• **Data**:
------------------------------------------------------------

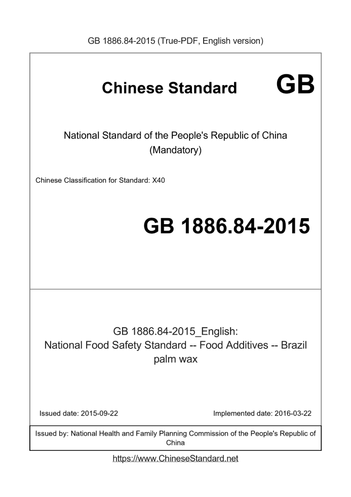 Delivery: <= 3 days. True-PDF full-copy in English will be manually translated and delivered via email. GB 1886.84-2015: National Food Safety Standard -- Food Additives -- Brazil palm wax Status: Valid
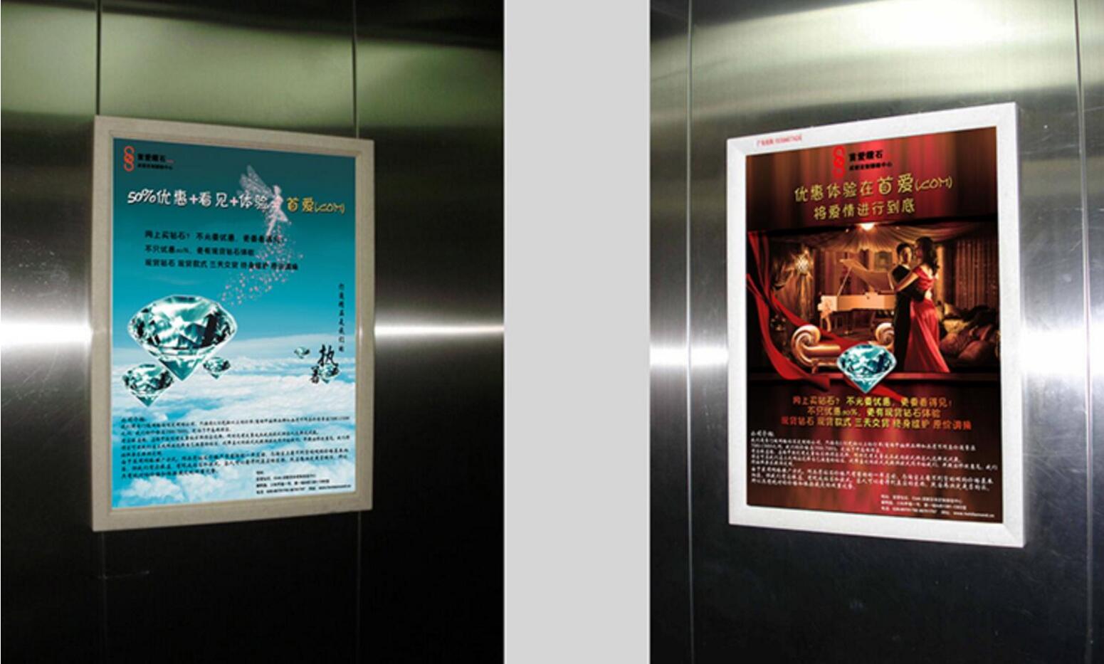 電梯廣告類型多樣,以商務(wù)電梯、樓宇電梯為主,表現(xiàn)形式主要為在電梯轎廂內(nèi)安裝成相框的形式,還有一種是在電梯門上直接安裝廣告。
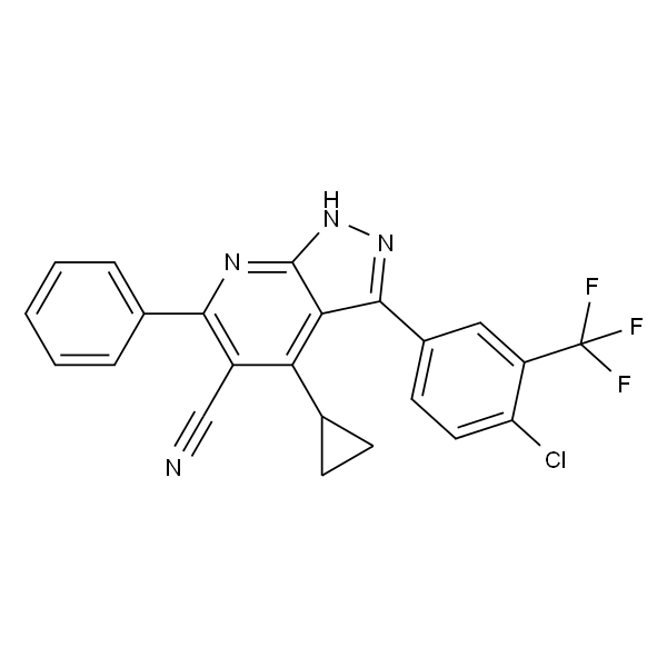 InChI=1S/C23H14ClF3N4/c24-17-9-8-14(10-16(17)23(25,26)27)21-19-18(12-6-7-12)15(11-28)20(29-22(19)31-30-21)13-4-2-1-3-5-13/h1-5,8-10,12H,6-7H2,(H,29,30,31)
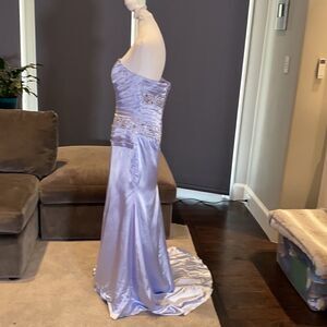 Women’s Strapless Lilac/Silver Formal Prom Party Dress with Corset Back. This dress is a beautiful color!

------------------------------------------------------------

• **Activity**:
I would like the data copied exactly as it stands, with no pictures included.

• **Exercise response**:
 Delivery: <= 3 days. True-PDF full-copy in English will be manually translated and delivered via email. GB 1886.84-2015: National Food Safety Standard -- Food Additives -- Brazil palm wax Status: Valid
 電梯廣告類型多樣,以商務(wù)電梯、樓宇電梯為主,表現(xiàn)形式主要為在電梯轎廂內(nèi)安裝成相框的形式,還有一種是在電梯門上直接安裝廣告。
 InChI=1S/C23H14ClF3N4/c24-17-9-8-14(10-16(17)23(25,26)27)21-19-18(12-6-7-12)15(11-28)20(29-22(19)31-30-21)13-4-2-1-3-5-13/h1-5,8-10,12H,6-7H2,(H,29,30,31)
 Women’s Strapless Lilac/Silver Formal Prom Party Dress with Corset Back. This dress is a beautiful color!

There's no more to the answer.